I've learnt to say sorry (more on that next week) I've learnt to love friends, I've learnt to make my own decisions, I've learnt to accept love. 
Things have been really up in the air. I moved in to a new place last week and my landlady went away until yesterday. I was terrified she was going to come back and evict me, that this was all a cruel joke, that I didn't deserve good things. But that hasn't happened. She's returned and we're getting on just fine. Everything is going ok. I feel at home. Most importantly I feel safe. I did have a wobbly few days but things are better again. I need to trust God and believe things really are ok. I'm free as long as I trust God. The second I doubt, that freedom vanishes and I find myself falling back in to the safety of chains I have worked so hard to break. 
"He fills my life with good things" Psalm 103:5

Friday 3 July 2015

Out of Your Comfort Zone?

At the beginning of June I attended a Women's Conference at my church with that title. It was a challenge to think of what comfort zone I'm still sat in. I worried that I was still in the mental illness comfort zone but I'm not- although I do have to choose every day to keep away from the safety net of hiding in bed, working myself up in to an anxious mess. But that wasn't the comfort zone I really felt God poking me to deal with.

In September I will be one of 4 children's interns at my church. I chose the children's ministry because I know it, it's safe. I applied for a different area of ministry too- one that is truly out of my comfort zone. But here I am- waiting to start full-time in the children's team. And you know what? I'm actually scared. It truly is out of my comfort zone. I have maintained for MANY years that I never want to make a career out of working for children. It's something I enjoy and nothing more. It appears God has other ideas. When it comes to children's ministry, I tend to open my mouth and end up being more involved. I'm hoping over the next 12 months, God's purpose for me becomes even more evident. I find working with children on a serious level, quite difficult. It provokes anxiety in me.

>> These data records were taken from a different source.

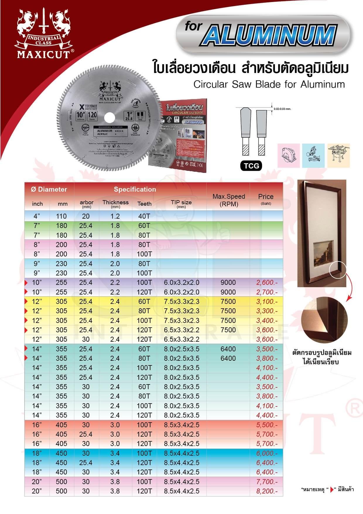 - ใบเลื่อยวงเดือนสำหรับตัดอลูมิเนียม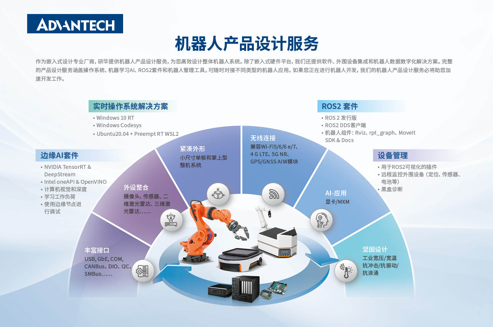 研华嵌入式物联网行业经理林思源告诉智次方·物联网智库,研华在机器人方面具有深厚的技术积累,在硬件层面,研华不仅可以为客户提供工业级的机器人硬件产品,甚至还能针对客户需求提供硬件预研,助力客户“领先市场一步”;在软件领域,研华追求实时性、稳定性和安全性,可为客户提供包含操作系统、软件移植、软件开发、算法整合、算法加持等一系列完整且丰富的支持和建议。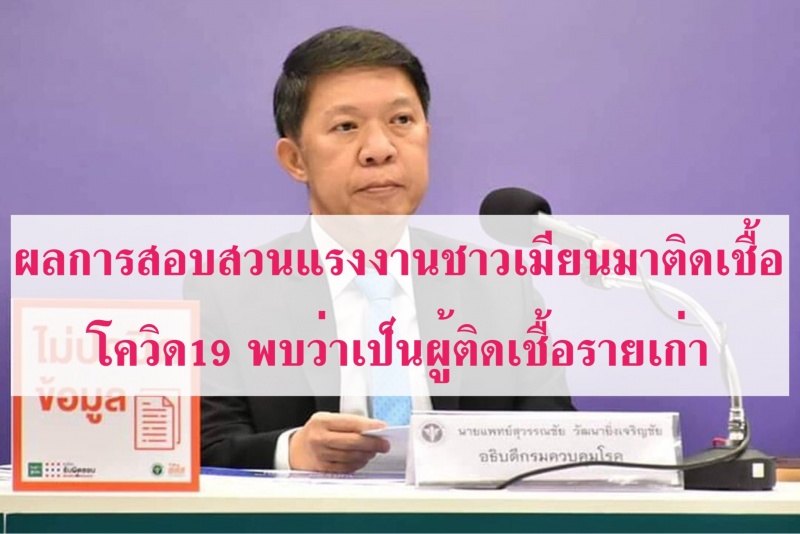 กรมควบคุมโรค กระทรวงสาธารณสุข เผยผลการสอบสวนรายละเอียดเพิ่มเติม กรณีพบแรงงานชาวเมียนมาติดเชื้อโควิด 19 ภายหลังเดินทางกลับจากไทย พบว่าผู้ติดเชื้อทุกรายเป็นผู้ติดเชื้อรายเก่าที่เคยตรวจพบ ณ ศูนย์กักผู้ต้องกัก อ.สะเดา จ.สงขลา ซึ่งการตรวจพบเชื้อซ้ำ เกิดขึ้นได้ แต่จะเพาะเชื้อไม่ขึ้นเนื่องจากเป็นไวรัสที่ถูกร่างกายทำลายแล้ว ขอให้ประชาชนมั่นใจในระบบป้องกันควบคุมโรคของไทย ที่มีความเข้มแข็งและดำเนินการอย่างเข้มข้นต่อเนื่อง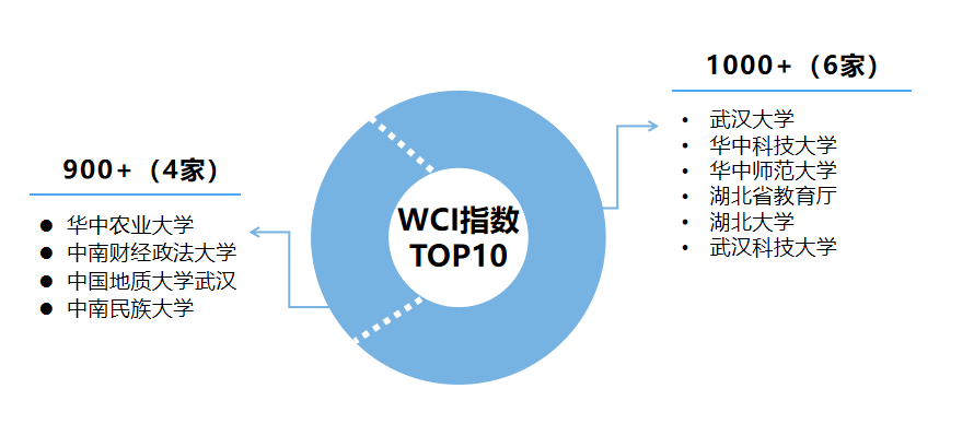 本期榜單中,“武漢大學”“華中科技大學”“華中師范大學”仍舊穩占前三甲寶座,與上期保持一致,“湖北省教育廳”再度回歸榜單,列居第四位。本期榜單再度回歸的還有“中國地質大學武漢”。與之相對,被擠出榜單的是“武漢理工大學”,“武漢教育”繼上期首次上榜后本期未能保持住掉出榜單。其他除“華中農業大學”排名保持不變外,均有一至兩名的小幅波動。從榜單數據情況來看,與上期相比,綜合WCI指數整體提升明顯,前十名得分均在900分以上,末位得分較上期高出80分左右。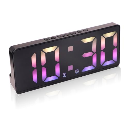 Lafocuse LED Digital Alarm Clock Bedside with 6.7" Large Display, Snooze, Type-C/Battery Powered, Adjustable Brightness, Date, Temperature, Table Clock for Heavy Sleepers Bedroom Office, Colourful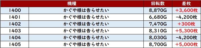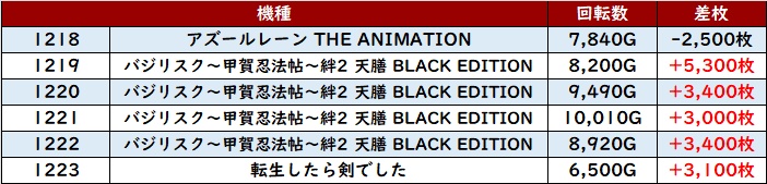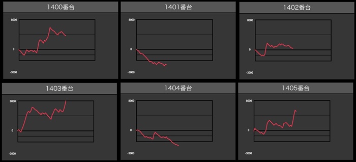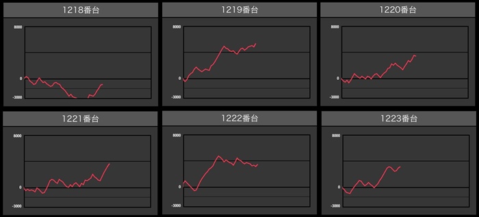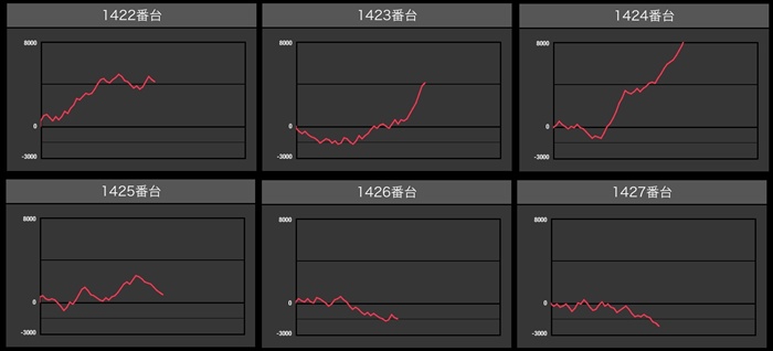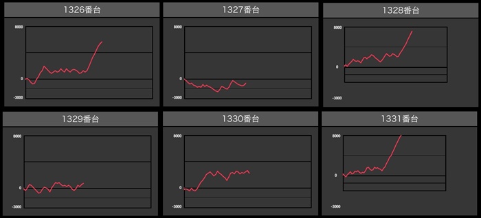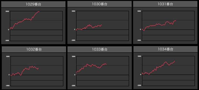 6台中5台がプラス差枚に加えて差枚数+1万枚の台まで見られ、ポテンシャルの高さを存分に感じられた。
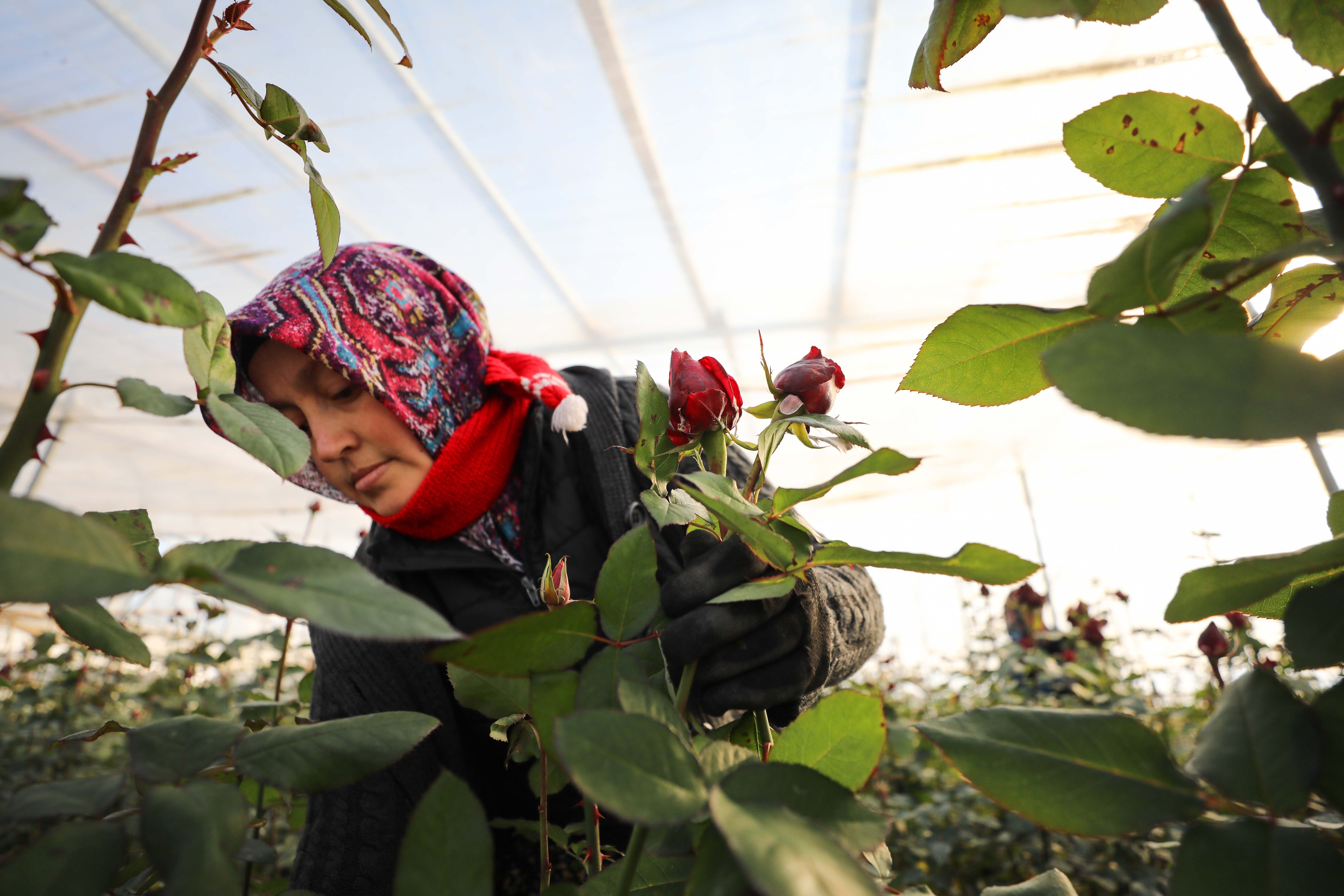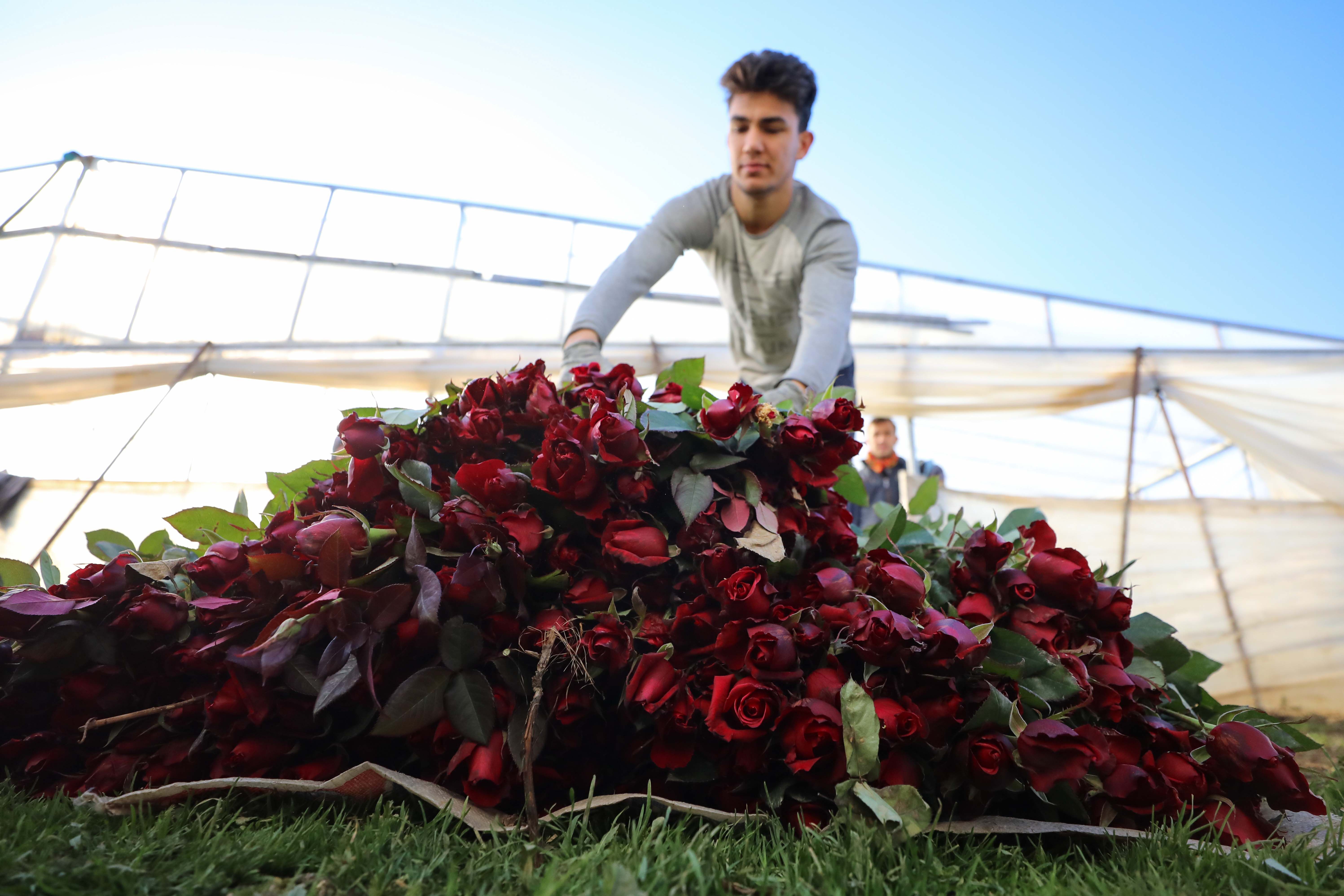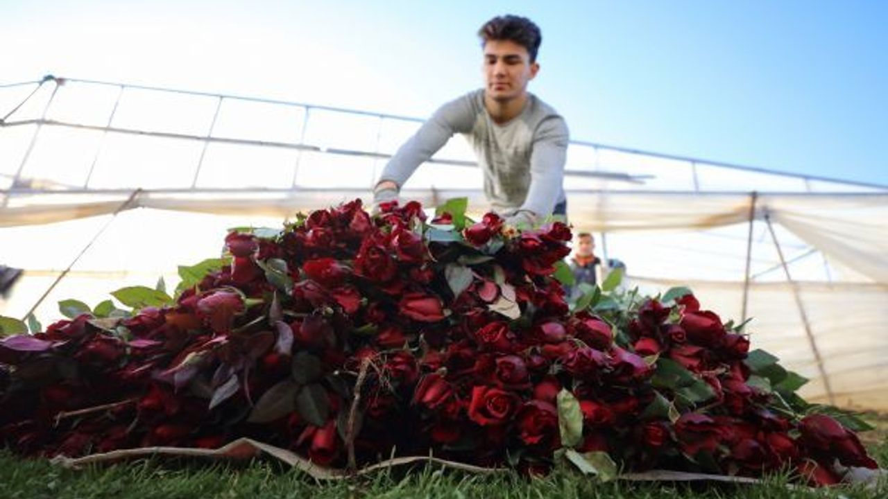 Türkiye'nin önemli kesme çiçek üretim merkezlerinden İzmir'in Menderes ilçesinde, 14 Şubat Sevgililer Günü nedeniyle talebin arttığı gülde hasat telaşı yaşanıyor.

I worry that they laugh at me secretly, that they look at me and say "I hope I never turn out like her when I grow up" even though children tend to be the least judgemental, especially in a church situation. I'm sure my fears around this are unnecessary. I'm already a valued member of the team but yet it's still relatively uncomfortable. But maybe the low level comfort is good- and that I can be used in ways that really are far out of my comfort zone- just to test the limits.

Another thing way out of my comfort zone is admitting vulnerability and asking people for a favour. and this week I have had to do a lot of that. On Tuesday the friend I was living with implied I needed to find somewhere else to live. Initially I told my dad I was moving home and there was no other option. But then one pastor at church said she had a spare room from the end of next week that I could move in to. And then I figured it wouldn't hurt to confirm if I could still stay with a friend for the planned night coming up. And then I asked a friend if I could stay with her for a night or two also. This is completely not me. I will do anything for anyone but rarely ask for anything myself. And yet I did. And while it was completely out of my comfort zone, it has had unbelievably wonderful results. I'm going to be back weeks earlier than I ever dreamed, and I am excited. So excited. Sometimes we have to push through the difficult things to reap the amazing benefits. It is so worth it and I must remember this.